Sie modulieren Neurotransmission, greifen jedoch nicht direkt in die komplexen Wechselwirkungen zwischen Immunsystem, Stoffwechsel, Plastizität und existenzieller Orientierung ein. 

 

Das bedeutet nicht, dass sie keinen Platz haben. In akuten schweren Episoden können sie stabilisieren und Handlungsfähigkeit zurückgeben. Für bestimmte Subgruppen können sie ein sinnvolles Instrument darstellen. Doch sie sind keine systemische Lösung für ein multidimensionales Geschehen. 

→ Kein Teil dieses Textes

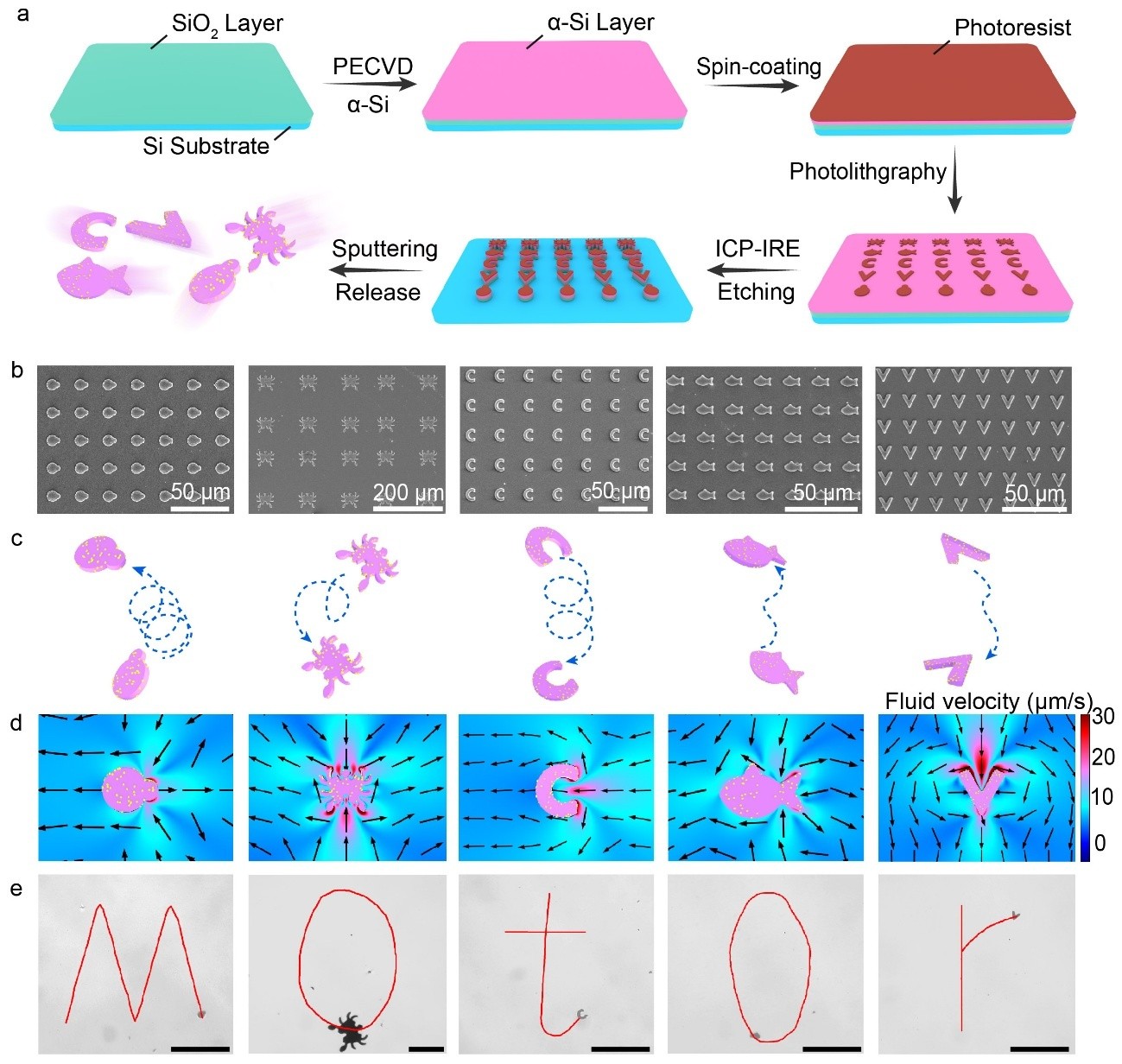 结合光刻技术可实现可定制化的二维模板结构制备,再通过PECVD沉积硅壳层,研究人员成功构筑出多种二维结构的微机器人。在可见光照射下,该类微机器人可实现高效驱动,并可通过光照的开关实现运动启停控制,运动速度亦可随光强实现精准调节。同时,借助结构设计引入几何不对称性,可对其运动行为进行调控,使其呈现定向行进、旋转等多种运动模式。进一步引入磁性结构后,在外磁场作用下微机器人可实现预设轨迹的精确操控,例如可书写出“Motor”字样轨迹。

Therapie jenseits der Symptomdämpfung

Psychiatrie bewegt sich in einem Spannungsfeld aus realem Leidensdruck, strukturellem Zeitmangel und ökonomischen Rahmenbedingungen. Eine Verordnung ist organisatorisch effizient. Die differenzierte Arbeit an Entzündung, Stoffwechsel, autonomer Regulation, Schlaf, Trauma und Sinn ist es nicht. 

 

Nachhaltige Veränderung entsteht jedoch selten durch reine Symptommodulation. 

 

Sie entsteht dort, wo Plastizität wieder zugänglich wird, wo entzündliche Prozesse reduziert, Stressachsen stabilisiert und metabolische Grundlagen gestärkt werden. Sie entsteht, wenn das autonome Nervensystem Flexibilität zurückgewinnt und wenn Bedeutung, Beziehung und Orientierung wieder erfahrbar werden. 

Schlussfolgerung

Die zentrale Frage lautet nicht, ob SSRIs grundsätzlich sinnvoll oder grundsätzlich abzulehnen sind. Die Frage lautet, ob sie in einen größeren Zusammenhang eingebettet werden. 

 

Werden systemische Ursachen differenziert untersucht. Erfolgt eine transparente Aufklärung über Nutzen, Risiken und Absetzverläufe. Existiert ein langfristiges Konzept, das über die bloße Aufrechterhaltung einer Medikation hinausgeht. 

 

Depression ist kein isolierter Defekt eines einzelnen Botenstoffs. Sie ist häufig Ausdruck einer vielschichtigen Dysregulation. Medikamente können diese Dynamik modulieren. Die strukturelle Veränderung entsteht dort, wo Ursachen verstanden und bearbeitet werden. 

 

In diesem Raum beginnt verantwortungsvolle Therapie.